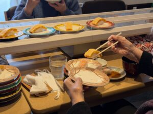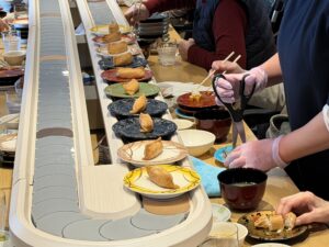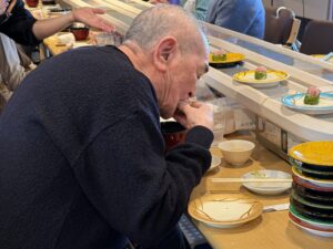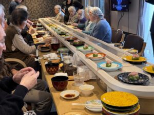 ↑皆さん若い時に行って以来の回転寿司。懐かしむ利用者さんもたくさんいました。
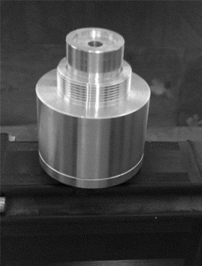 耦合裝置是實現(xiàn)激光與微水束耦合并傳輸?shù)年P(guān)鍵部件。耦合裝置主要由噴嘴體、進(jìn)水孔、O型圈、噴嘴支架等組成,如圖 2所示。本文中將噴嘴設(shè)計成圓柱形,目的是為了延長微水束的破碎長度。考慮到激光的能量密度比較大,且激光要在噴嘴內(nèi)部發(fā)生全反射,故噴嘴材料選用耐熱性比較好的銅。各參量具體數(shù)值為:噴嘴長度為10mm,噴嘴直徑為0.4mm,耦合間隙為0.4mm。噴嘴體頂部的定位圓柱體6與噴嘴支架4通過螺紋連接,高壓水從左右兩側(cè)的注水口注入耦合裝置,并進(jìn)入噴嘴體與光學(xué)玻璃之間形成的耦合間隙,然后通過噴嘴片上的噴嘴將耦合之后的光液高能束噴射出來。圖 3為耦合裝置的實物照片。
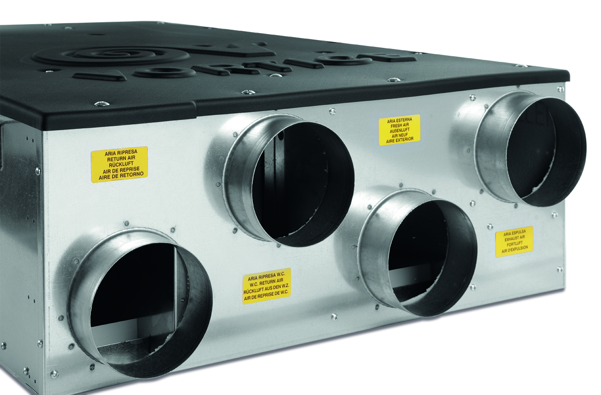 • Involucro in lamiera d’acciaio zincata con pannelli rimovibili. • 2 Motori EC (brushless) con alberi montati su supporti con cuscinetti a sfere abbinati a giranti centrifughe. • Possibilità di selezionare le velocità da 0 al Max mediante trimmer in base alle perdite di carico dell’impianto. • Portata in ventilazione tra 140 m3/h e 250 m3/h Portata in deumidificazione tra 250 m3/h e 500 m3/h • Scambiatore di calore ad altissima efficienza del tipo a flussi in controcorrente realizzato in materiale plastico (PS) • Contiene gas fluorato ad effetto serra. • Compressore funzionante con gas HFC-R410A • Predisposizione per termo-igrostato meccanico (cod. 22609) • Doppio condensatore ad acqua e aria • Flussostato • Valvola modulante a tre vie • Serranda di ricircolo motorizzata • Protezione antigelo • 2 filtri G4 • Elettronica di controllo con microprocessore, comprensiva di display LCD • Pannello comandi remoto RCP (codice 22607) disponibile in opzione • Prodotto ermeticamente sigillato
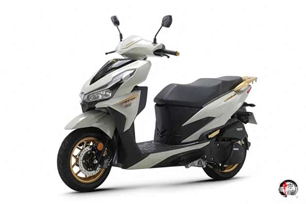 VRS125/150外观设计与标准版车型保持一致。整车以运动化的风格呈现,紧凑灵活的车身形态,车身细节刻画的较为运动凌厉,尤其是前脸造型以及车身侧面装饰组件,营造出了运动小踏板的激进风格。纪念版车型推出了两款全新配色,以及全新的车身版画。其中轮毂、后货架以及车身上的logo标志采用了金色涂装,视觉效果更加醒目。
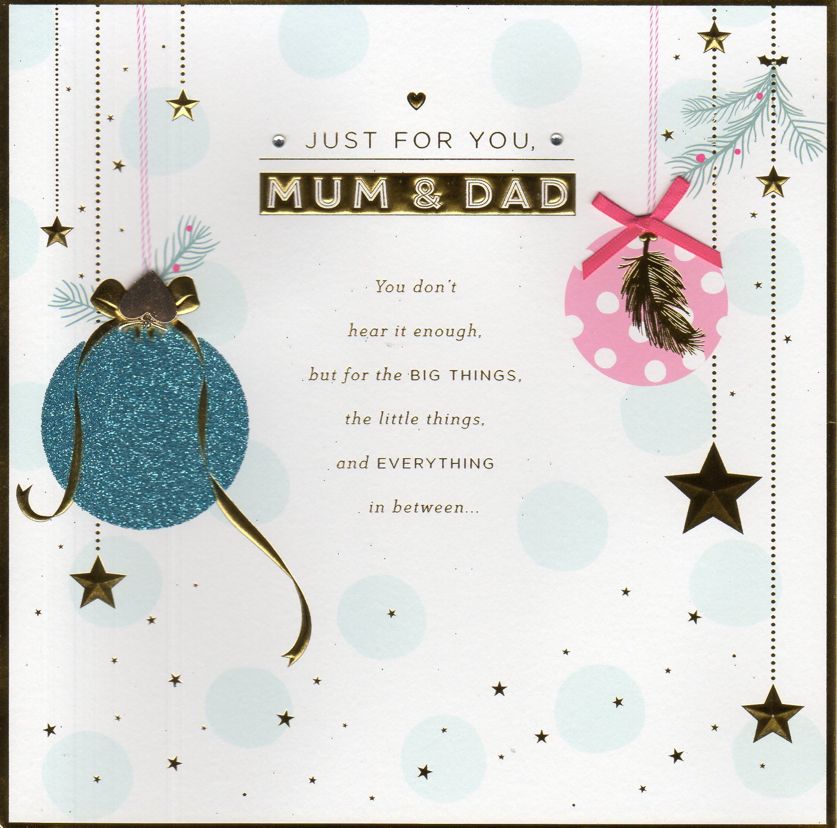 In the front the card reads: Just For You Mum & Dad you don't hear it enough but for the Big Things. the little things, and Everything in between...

- - -

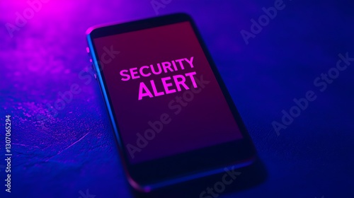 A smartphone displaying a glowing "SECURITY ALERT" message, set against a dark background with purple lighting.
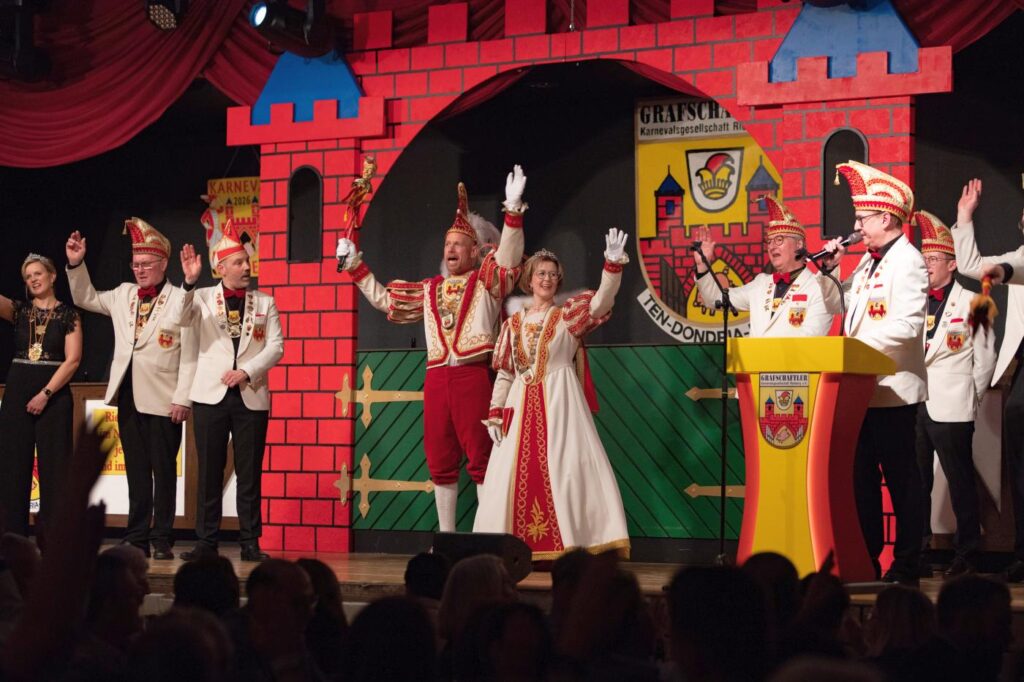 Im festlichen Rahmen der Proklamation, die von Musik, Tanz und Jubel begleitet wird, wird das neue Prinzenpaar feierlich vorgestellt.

- - -

Your objective: While skipping the pictures, transcribe the data above from the line showing "VRS125/150外观设计" through the line showing "In the front", exactly and with both ends.

Exercise answer:
 VRS125/150外观设计与标准版车型保持一致。整车以运动化的风格呈现,紧凑灵活的车身形态,车身细节刻画的较为运动凌厉,尤其是前脸造型以及车身侧面装饰组件,营造出了运动小踏板的激进风格。纪念版车型推出了两款全新配色,以及全新的车身版画。其中轮毂、后货架以及车身上的logo标志采用了金色涂装,视觉效果更加醒目。
 In the front the card reads: Just For You Mum & Dad you don't hear it enough but for the Big Things. the little things, and Everything in between...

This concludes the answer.